Both Salford and Brighton and Hove now service customers better because of their use of the UPRN which has enabled a quicker easier and better online route to council services. By linking a person to a UPRN, it makes it possible to follow up a service request quicker and drive them away from inefficient channels towards others, notably electronic channels. In Brighton, the customer services department provides access to around 250 services via its website from 34 separate departments, all using different systems. Residents could exist in several separate customer records with no means of identifying which records were common to one individual. The UPRN was integral in accurately associating and cross referencing the different datasets.

Similarly, in Camden, the creation of the Camden Residents’ Index was facilitated by the UPRN and has resulted in direct cost savings, identification of illegal subletting, school admissions fraud, maintenance of the electoral roll and support for the council’s work with vulnerable children amongst other benefits.

Sanja Milojevic, senior business analyst for Camden’s Shared Digital Service with Islington and Haringey said “Using the UPRN means that we can match records with greater success. The aim of the golden record is to cherry pick the best data from different sources and assemble a record based on what we believe is the best data we hold, and the UPRN is one of the top ones. It is also an essential tool for cleansing and de-duplicating data held in source systems. We are putting a huge effort into improving the quality of data across the organisation as this will lead us to being able to provide better services to our residents.”

Data is playing a central role in efforts to improve public health in Kent. The county council and the clinical commissioning groups for Kent and Medway are seeking insights and strengthening their understanding of how different issues are linked through the Kent Integrated Dataset (KID), which brings together pseudonymised data from hundreds of local health and care providers.

This unique data partnership is expanding its scope, and making increasing use of UPRNs as an effective link between the different datasets at household level, alongside NHS numbers to link data at person level, both pseudonymised.
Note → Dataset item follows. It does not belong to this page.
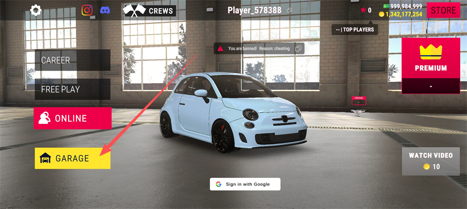 1、打开真实驾驶学校破解版游戏,点击【GARAGE】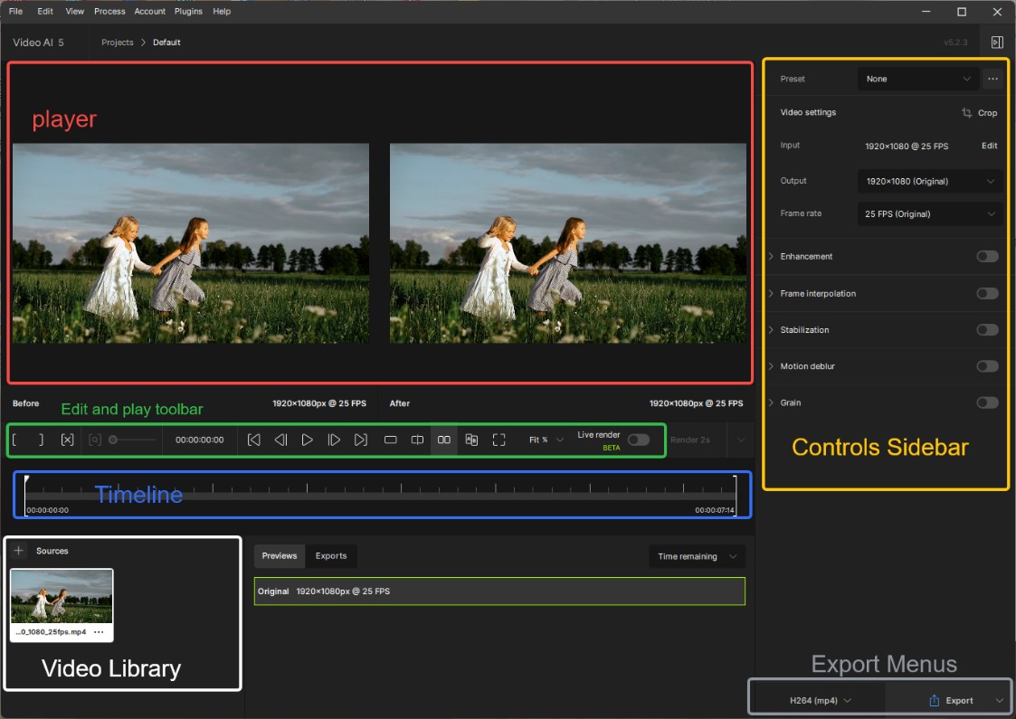 As you can see from the picture, there are many sections on the interface, including video library, player, edit and play toolbar, controls sidebar, timeline, and export menus.

Analysing location, health and other datasets through the KID has its significant benefits. It has enabled local bodies to prepare local population health plans, identify people at risk from social isolation and protect the most vulnerable – including children

These use cases of the UPRN is just a taster of some of the ways that the UPRN is connecting data for better outcomes. We’re also seeing increasing usage in the central government ‘Big Beasts’ departments of HMRC, MoJ, NHS and DWP. We’re at the start of an exciting revolution in the use of public data as the people start to realise the potential of the UPRN and USRN to derive intelligence from their data holdings.